It is a critical task, then, to examine the ways in which these pictorial types and other forms of representing the black subject perform cultural work. The black bodies pictured by Marsh engage a series of conditions—the images’ intended audiences, the environment in which the representations were created, the assumptions about the artist producing the work—that determine how such images would have been read. In settings such as Coney Island, Harlem, and the subway, difference reveals itself to be contingent on what Mary Bucholtz and Kira Hall describe as a “phenomenological process that emerges from social interaction.” The black bodies Marsh depicts are in a constant state of redetermination based on a series of relational conditions—namely, how they are pictured together with other urban bodies, both black and white, and what they are pictured doing. Significantly, the limits of these interactions are largely determined by the social rules concerning visibility and interracial contact that were established for a wide range of popular urban spaces—from beaches to subways to movie theaters—in the interwar years. Thus, whatever else they are, Marsh’s images are statements of hierarchy and power, testaments to the ways in which race functions as a technology that “organizes and manages populations in order to obtain certain goals.” In the words of Dan Swanton, they emphasize “what race does in interaction” to reveal how differentiation is formed and performed.

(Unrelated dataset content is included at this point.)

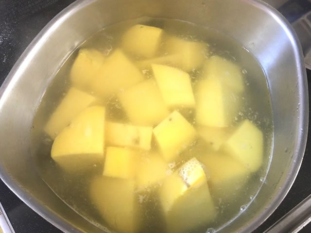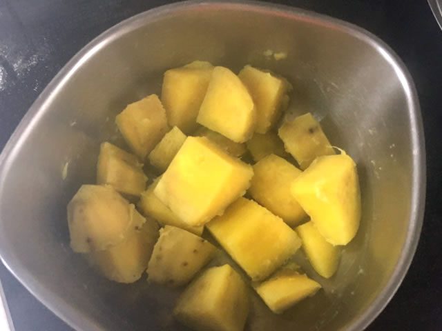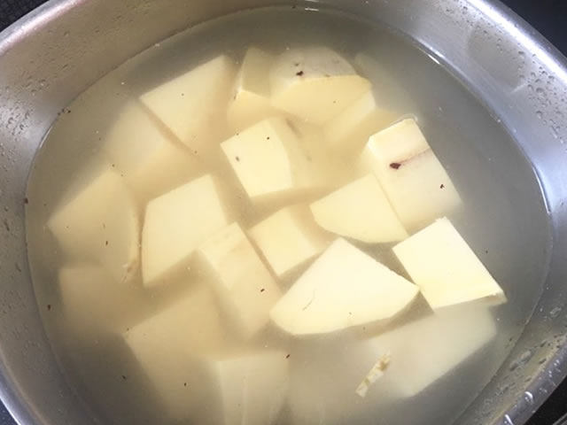もう一度、お鍋にサツマイモと水を入れて柔らかくなるまで茹でます。

American art historical scholarship has argued that the construction and deployment of racialized visual language served as a method both to question the appropriateness of black bodies in the national body politic and, conversely, to help determine pathways for their inclusion. Recent studies have qualified these discussions by asking how representations of African Americans during the “long” nineteenth century reveal the transitory nature of racial identities and the manner by which blackness has been “unfixed” from the body. For African American artists, this included expanding their own methods of representation to claim aesthetic agency over the mechanics of racial expression. Strategies adopted by Marsh and his urban contemporaries relied on coexisting and at times competing impulses. On the one hand, popular visual practices used the black body to signal broader cultural investments in modernity and the city. On the other hand, representation worked consistently to identify and contain black bodies whose very appearance disrupted boundaries of aesthetic decorum and political agency.
By locating the cultural work performed by racial representation at the center of scholarship about Reginald Marsh, I address the interpretative challenge that his images of the black subject present to art historians. Few scholars have produced critical work on Marsh, and none center their inquiry on his African American figures. Critical writing on Marsh in the 1930s and 1940s differed little from early interpretations of his work by art historians in the 1970s. Both attribute the diversity of the artist’s subject matter to his commitment to pictorial realism and his urban residency. Racial difference thus exists to articulate the “vitality, humor and a capacity for enjoyment” common among his pictured working classes. More recent surveys of Marsh’s artistic practices, examining his method of production and his artistic style, laud his work for its illustrative qualities, as it captures “what was newest on the urban scene.” In the end, these studies, while important to the expansion of critical interest in American art of the 1930s, reinforce a direct and fundamentally flawed alignment of realist technique with social reality, one that overlooks Marsh’s use of caricature and stereotype. As Phoebe Wolfskill has noted, physical distortion exists within Marsh’s realist enterprise as a concerted response to modern life as “inherently complicated, open-ended, and destabilizing.”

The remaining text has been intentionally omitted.